──────── Data supplied
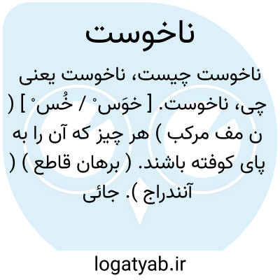 ناخوست. [ خوَس ْ / خُس ْ ] ( ن مف مرکب ) هر چیز که آن را به پای کوفته باشند. ( برهان قاطع ) ( آنندراج ). جائی که لگدکوب شده باشد. جائی که مسطح و برابر کرده شده باشد. ( ناظم الاطباء ). ناخوست، بضم خا و سکون واو و سین مهمله در سروری به معنی پای خوست به پای کوفته است، واغلب که این تصحیف باشد چه خوستن به معنی کوفتن است... و طرفه آنکه صاحب برهان ناخواست بر وزن ناراست به همین معنی آورده و ناخواستن ( ناخوستن ) مصدر این معنی تراشیده و این تصحیف نیست، قیامت است. عفی اﷲ تعالی عنه. «سراج اللغات بنقل فرهنگ نظام ج 5 ص ما». ناخوست، لغةً از: نا ( نفی، سلب ) + خوست = کوست، به معنی ناکوفته است. ( حاشیه ص 2091 برهان چ معین ). مصحف پاخوست ( پاخوسته، پایخست، پای خسته ). ( یادداشت لغت نامه ).
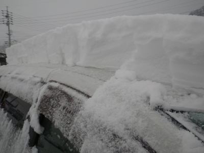 夕方、駐車場に帰ってみると、車が雪に埋もれていてこのとおり。
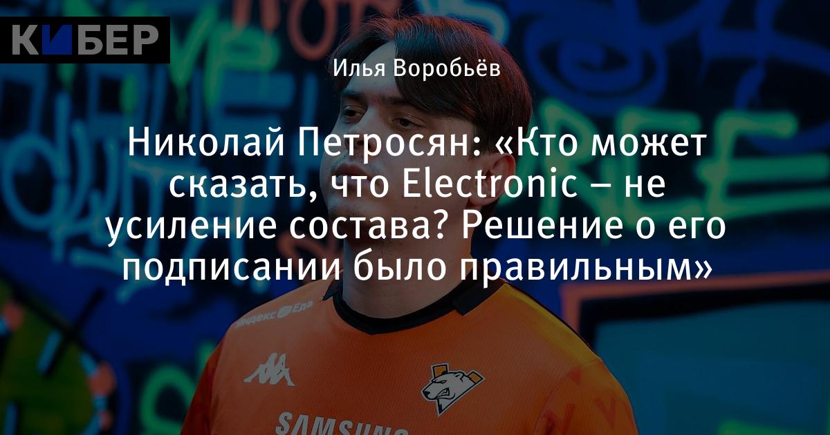 В спорте невозможно не быть амбициозным. Невозможно не купить Электроника: «Да не, нормально, нас устраивает топ-5». Это противоречит нашему ДНК. Но в то же время любой трансфер – все равно какой-то гемблинг, какая-то лотерея. Мы говорим о живых людях. Особенно в киберспорте, где нет ротации состава», – подытожил Николай Петросян.
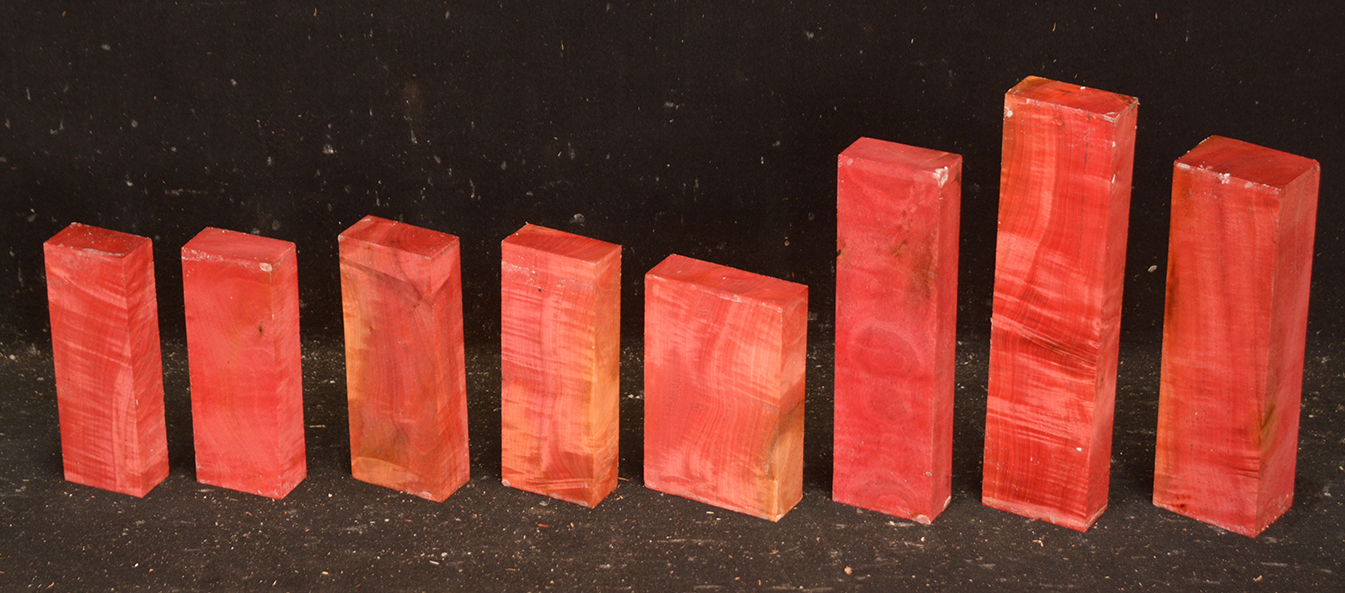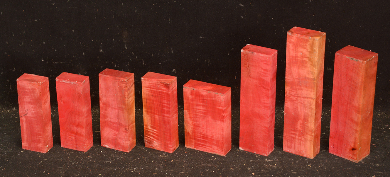 A fairly rare wood from Southern Africa ranging in color from light pink to watermelon red. At one time it was described as being "rarer than diamonds". It is very dense, hard and heavy and takes a very high polish. Beautiful for turnery, inlays and other precious items.
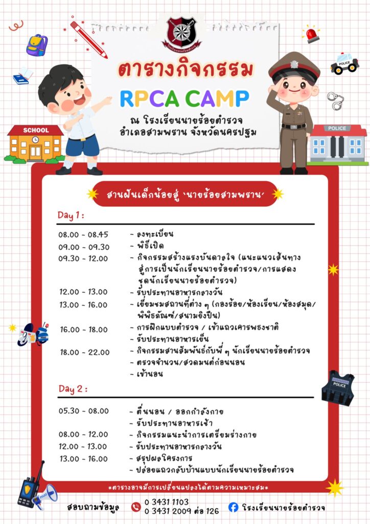 กำหนดการจัดกิจกรรม :รุ่นที่ 1 วันที่ 22 – 23 พฤศจิกายน 2568 รุ่นที่ 2 วันที่ 29 – 30 พฤศจิกายน 2568 ระยะเวลา 2 วัน 1 คืน (ค้างคืน)สถานที่จัดกิจกรรม : โรงเรียนนายร้อยตำรวจ อำเภอสามพราน จังหวัดนครปฐม จำนวนที่รับ 100 คน / รุ่น
────────────────
* _Work required_:
When copying the entries, drop the images and keep every line exact.

* _Result of this exercise_:
 ناخوست. [ خوَس ْ / خُس ْ ] ( ن مف مرکب ) هر چیز که آن را به پای کوفته باشند. ( برهان قاطع ) ( آنندراج ). جائی که لگدکوب شده باشد. جائی که مسطح و برابر کرده شده باشد. ( ناظم الاطباء ). ناخوست، بضم خا و سکون واو و سین مهمله در سروری به معنی پای خوست به پای کوفته است، واغلب که این تصحیف باشد چه خوستن به معنی کوفتن است... و طرفه آنکه صاحب برهان ناخواست بر وزن ناراست به همین معنی آورده و ناخواستن ( ناخوستن ) مصدر این معنی تراشیده و این تصحیف نیست، قیامت است. عفی اﷲ تعالی عنه. «سراج اللغات بنقل فرهنگ نظام ج 5 ص ما». ناخوست، لغةً از: نا ( نفی، سلب ) + خوست = کوست، به معنی ناکوفته است. ( حاشیه ص 2091 برهان چ معین ). مصحف پاخوست ( پاخوسته، پایخست، پای خسته ). ( یادداشت لغت نامه ).
 夕方、駐車場に帰ってみると、車が雪に埋もれていてこのとおり。
 В спорте невозможно не быть амбициозным. Невозможно не купить Электроника: «Да не, нормально, нас устраивает топ-5». Это противоречит нашему ДНК. Но в то же время любой трансфер – все равно какой-то гемблинг, какая-то лотерея. Мы говорим о живых людях. Особенно в киберспорте, где нет ротации состава», – подытожил Николай Петросян.
 A fairly rare wood from Southern Africa ranging in color from light pink to watermelon red. At one time it was described as being "rarer than diamonds". It is very dense, hard and heavy and takes a very high polish. Beautiful for turnery, inlays and other precious items.
 กำหนดการจัดกิจกรรม :รุ่นที่ 1 วันที่ 22 – 23 พฤศจิกายน 2568 รุ่นที่ 2 วันที่ 29 – 30 พฤศจิกายน 2568 ระยะเวลา 2 วัน 1 คืน (ค้างคืน)สถานที่จัดกิจกรรม : โรงเรียนนายร้อยตำรวจ อำเภอสามพราน จังหวัดนครปฐม จำนวนที่รับ 100 คน / รุ่น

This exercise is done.